Task inputs below:

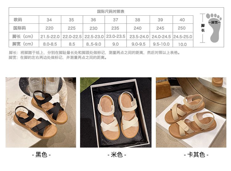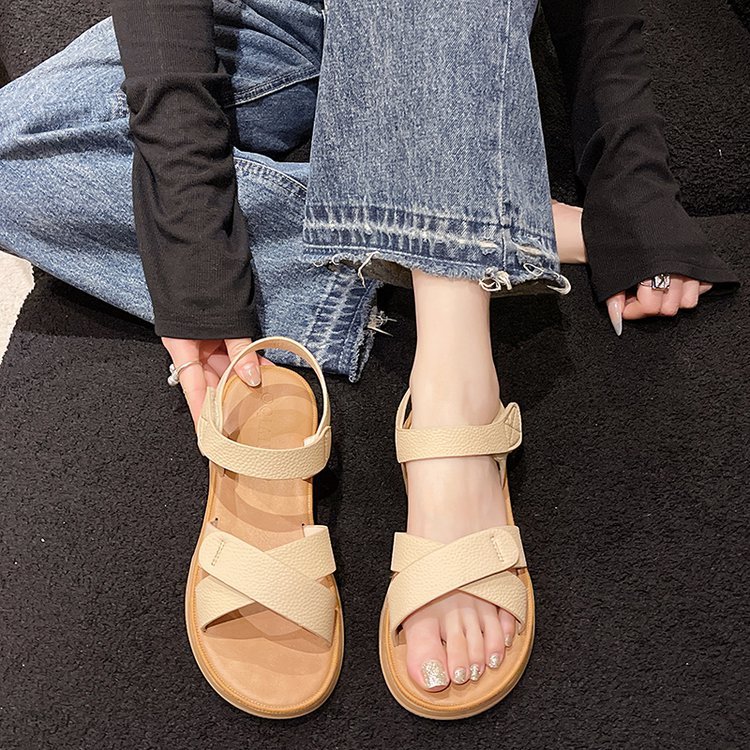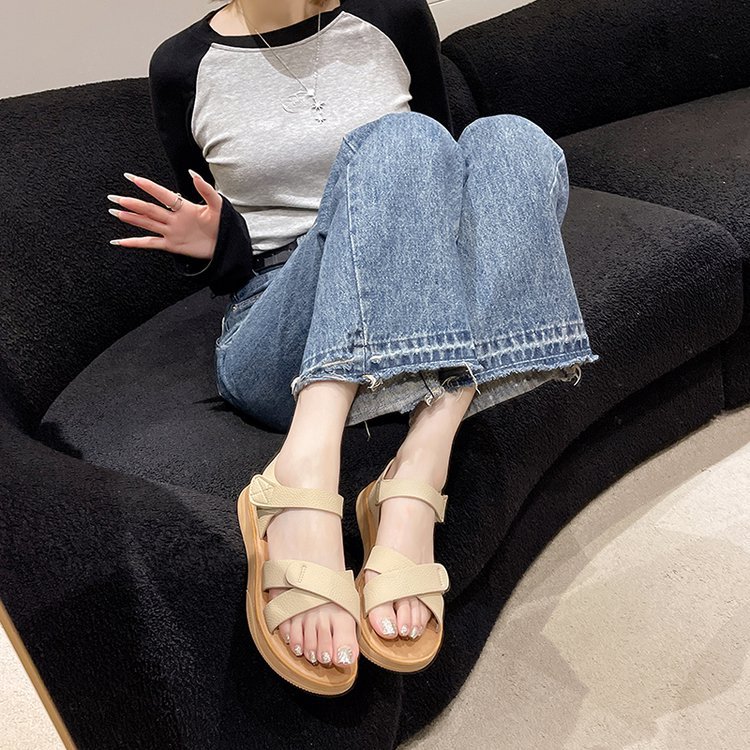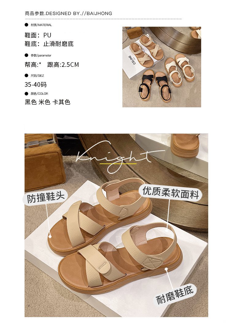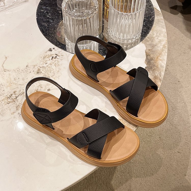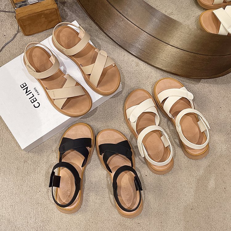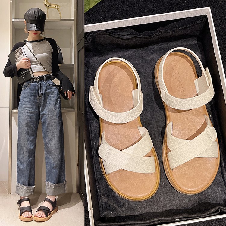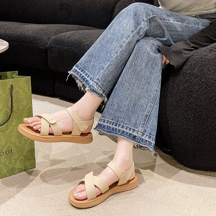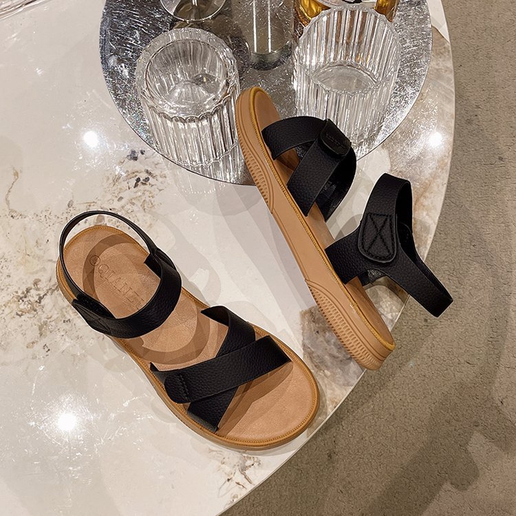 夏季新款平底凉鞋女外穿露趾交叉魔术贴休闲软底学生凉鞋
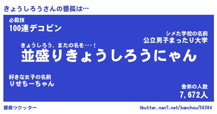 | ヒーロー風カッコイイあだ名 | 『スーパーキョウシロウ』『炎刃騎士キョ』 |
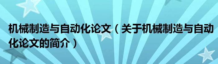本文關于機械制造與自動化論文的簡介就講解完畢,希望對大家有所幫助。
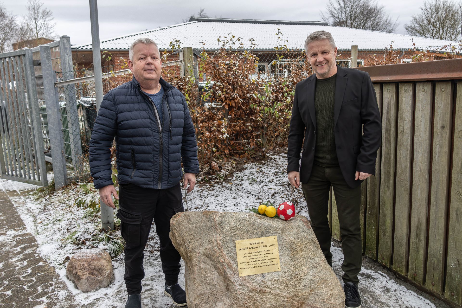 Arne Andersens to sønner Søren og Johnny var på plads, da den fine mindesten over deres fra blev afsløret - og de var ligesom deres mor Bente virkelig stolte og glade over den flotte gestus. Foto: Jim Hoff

End of Task inputs.
Task inputs below:

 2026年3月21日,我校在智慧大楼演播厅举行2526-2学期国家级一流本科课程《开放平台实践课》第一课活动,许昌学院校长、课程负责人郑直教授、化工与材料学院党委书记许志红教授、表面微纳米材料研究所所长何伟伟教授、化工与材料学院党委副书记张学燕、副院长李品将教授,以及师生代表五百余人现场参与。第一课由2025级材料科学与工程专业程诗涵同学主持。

End of Task inputs.
Task inputs below:

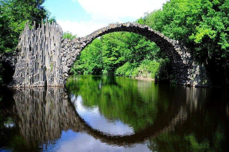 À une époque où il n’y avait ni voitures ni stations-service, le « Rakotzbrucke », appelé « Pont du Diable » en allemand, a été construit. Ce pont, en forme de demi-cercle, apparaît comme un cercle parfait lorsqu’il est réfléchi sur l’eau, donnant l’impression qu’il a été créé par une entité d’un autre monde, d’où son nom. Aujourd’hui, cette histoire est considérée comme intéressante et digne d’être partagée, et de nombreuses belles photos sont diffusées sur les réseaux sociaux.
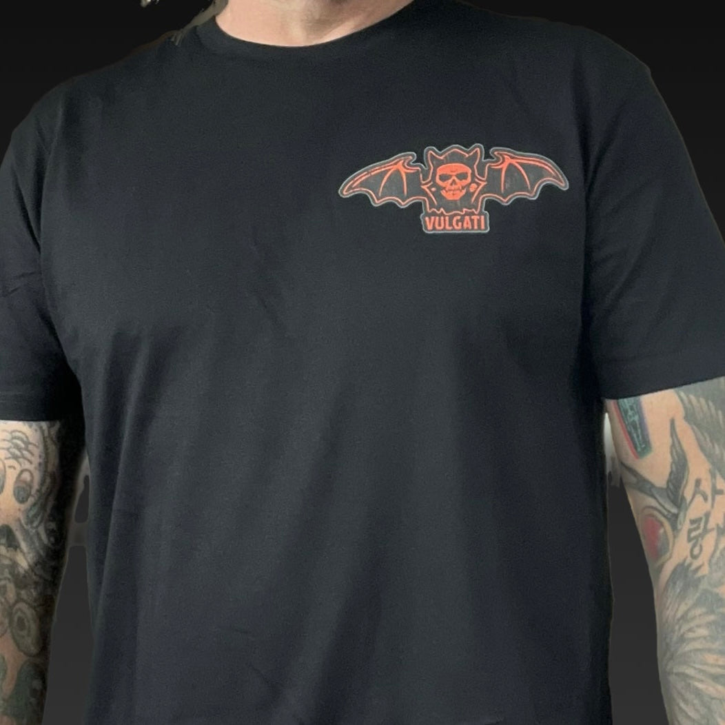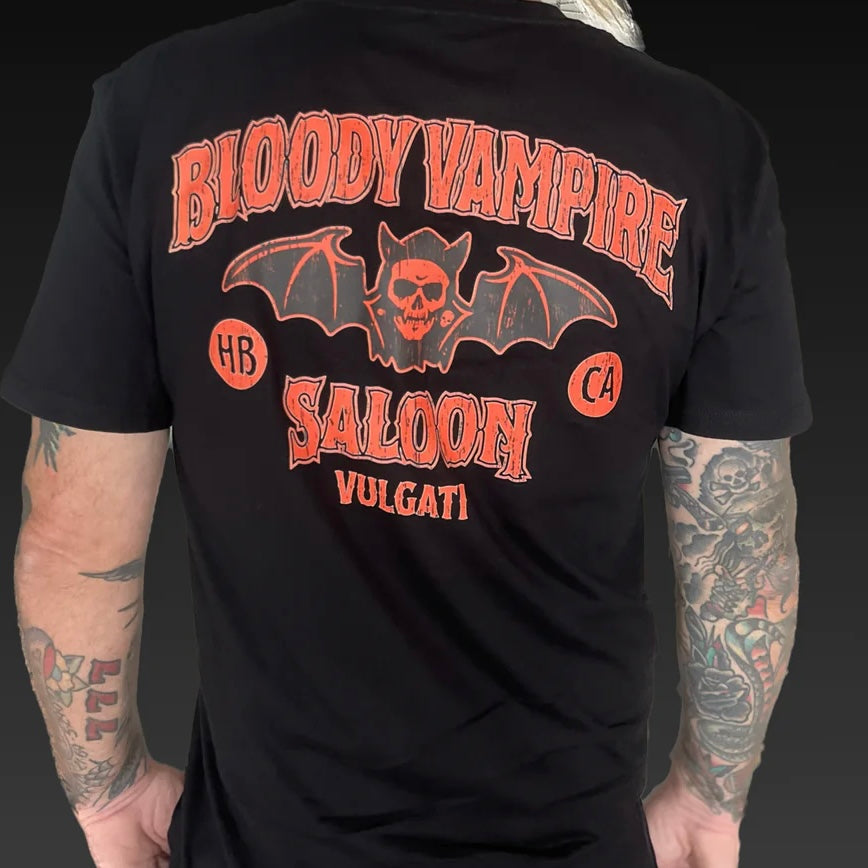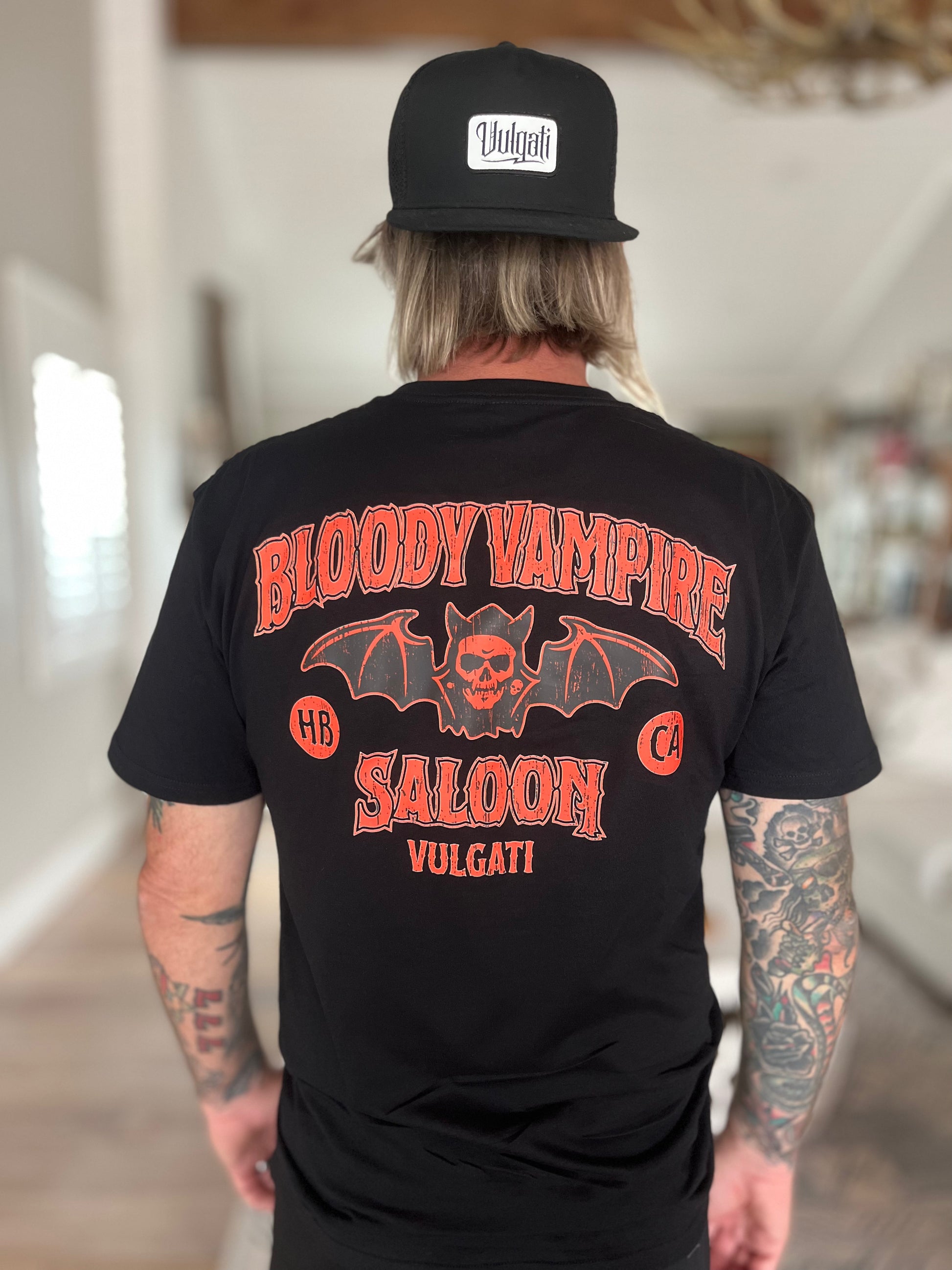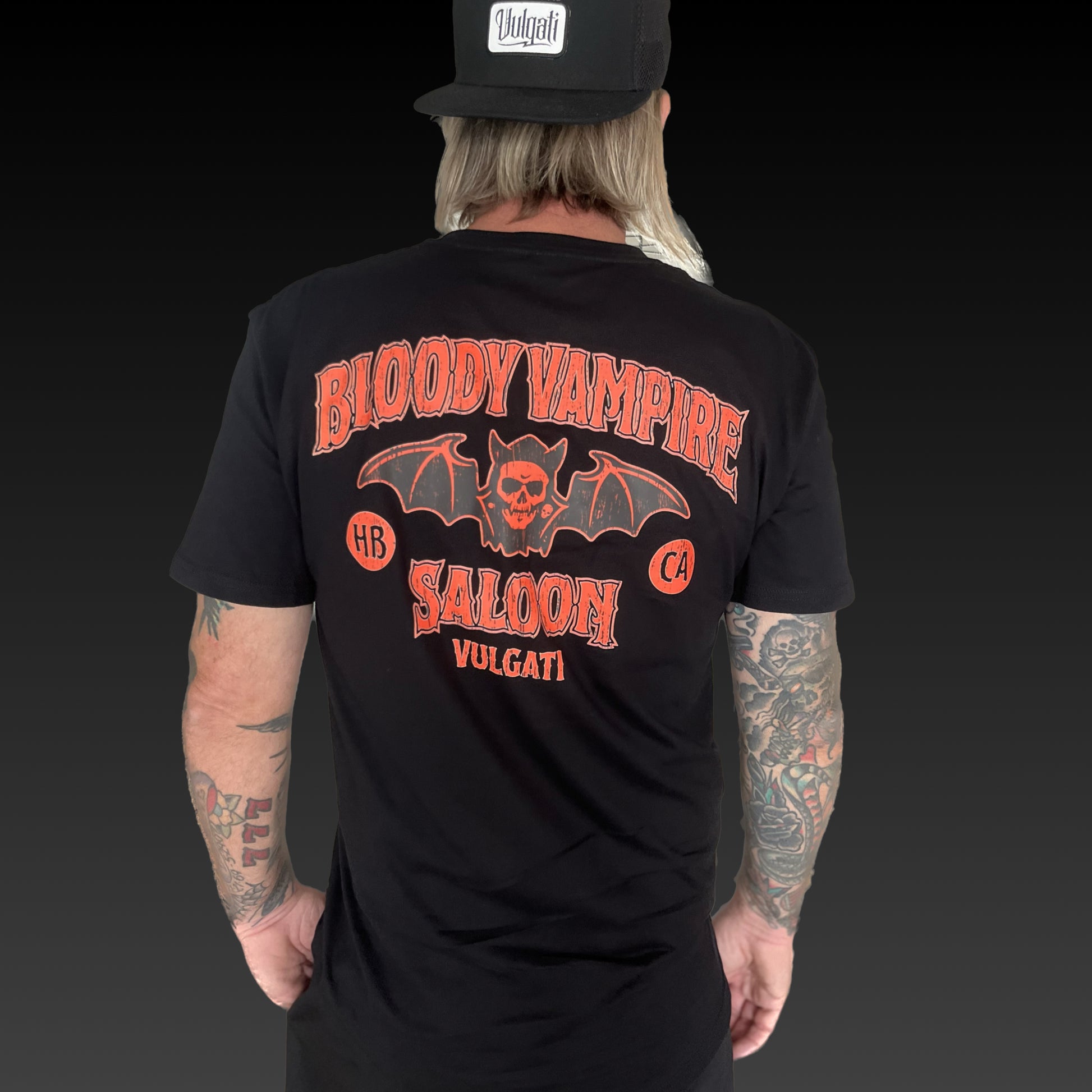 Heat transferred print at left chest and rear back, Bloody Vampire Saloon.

End of Task inputs.

Your instructions: Quote the data above exactly from the line with "夏季新款平底凉鞋女外穿露趾交叉魔术贴休闲软底学生凉鞋" to the line with "Arne Andersens to", both ends counted, and nothing else. Pictures don't go in.

Task response:
 夏季新款平底凉鞋女外穿露趾交叉魔术贴休闲软底学生凉鞋
 | ヒーロー風カッコイイあだ名 | 『スーパーキョウシロウ』『炎刃騎士キョ』 |
本文關于機械制造與自動化論文的簡介就講解完畢,希望對大家有所幫助。
 Arne Andersens to sønner Søren og Johnny var på plads, da den fine mindesten over deres fra blev afsløret - og de var ligesom deres mor Bente virkelig stolte og glade over den flotte gestus. Foto: Jim Hoff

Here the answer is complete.